Moving Up the Value Chain – Why Software Automation is a Good Thing

I was fortunate enough to be asked to comment on a recent article in the Financial Times about software eating software, or software automation.  The article is behind the FT paywall for most of the US, so you may not be able to read it, but the gist of the article, written by Richard Newton, is that there’s a new wave of innovation coming our way as it pertains to programming.  One of the featured guests in the article was Dr. Guillaume Bouchard, who I wrote about in my last post.

Programmers Unite!

Anyway, the predictable outcry from all of the programmers who chimed in on the article was that there’s “no way to do what we do with computers.” Haven’t we been here before?  History has shown that when there is scarcity, innovation produces new solutions to address that scarcity. There are currently ~ 11 million programmers worldwide.  That’s 1 for every 700 or so of us. And yet we see that the very process of building software disrupts other industries where previous scarcities existed.

There’s no way to fill the demand for programmers fast enough. We can’t educate our way out of this shortage in enough time.  Code academies are not going to make a dent, and anecdotal evidence suggests that the product they’re producing can’t get it done in actual jobs. Maybe that will change over time, and I hope it does.
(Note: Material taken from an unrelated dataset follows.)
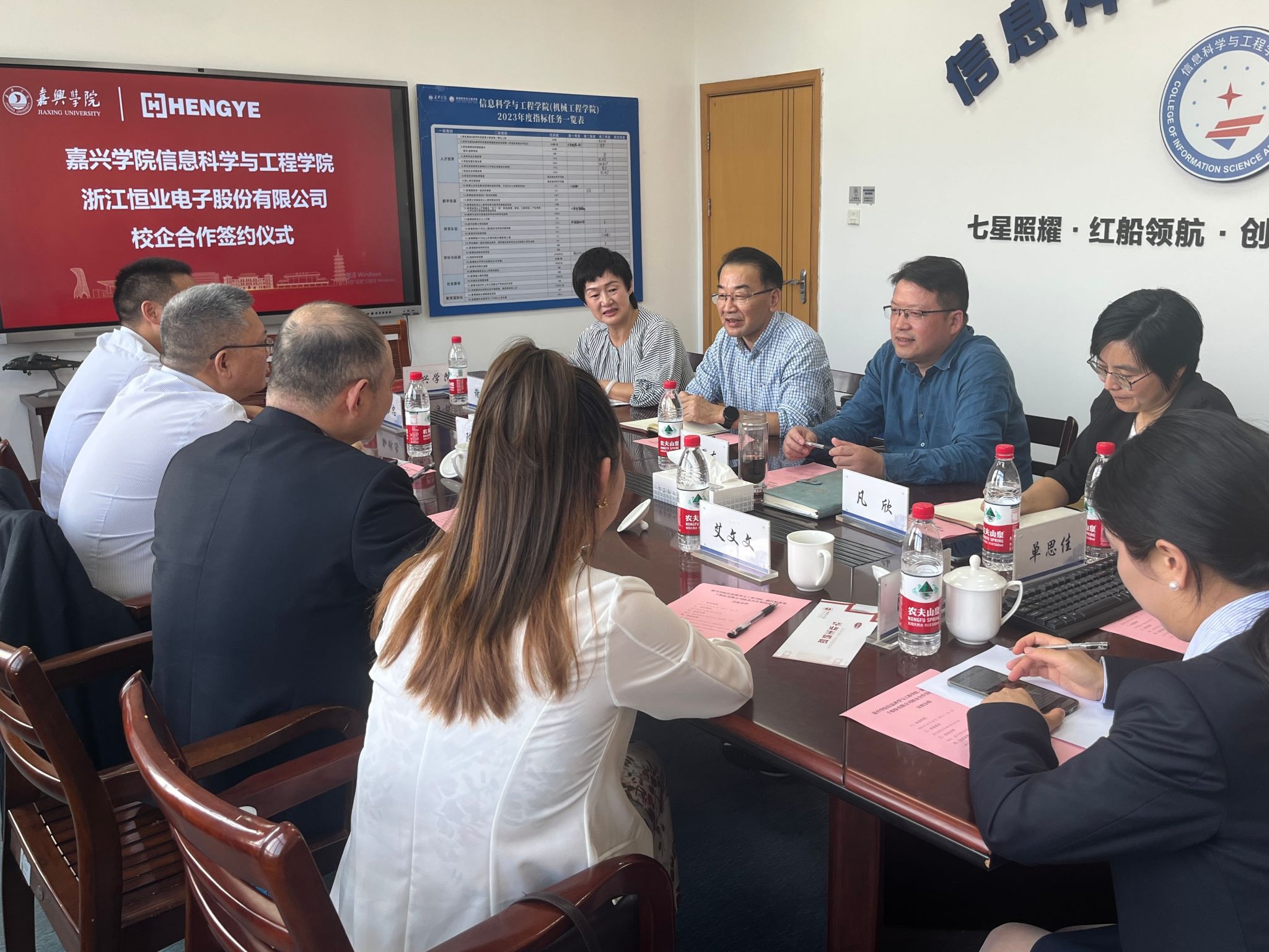 教育发展基金会捐赠陆拾万元人民币用于支持信息学院的人才培养、专业建设。校企双方为“嘉兴学院-恒业电子智能电表检测实验室”揭牌,并围绕校企合作开展、专业相关问题进行探讨,最后,与会人员共同参观“浙江省嘉兴光伏应用技术创新服务平台”。

Either way, it’s a curious reaction to me that any programmer would feel threatened by further automation. Isn’t that what we live for, and strive for? We write code so that repetitive work is offloaded to more efficient machines and people can do higher value work.

Move Up the Value Chain

Instead of griping about how the man is now coming for YOUR job, it would seem a more logical reaction would be to embrace the coming changes and move up the value chain. There are still mountains of work building all of the systems and technology to make “regular people” more like programmers. That’s a huge domain to go explore and create in, rather than worrying about some of the menial, repetitive tasks going away. Don’t programmers hate those anyway?

To get an early glimpse of how this will begin to play out over the next couple of years, check out companies like Treeline.io and Dropsource.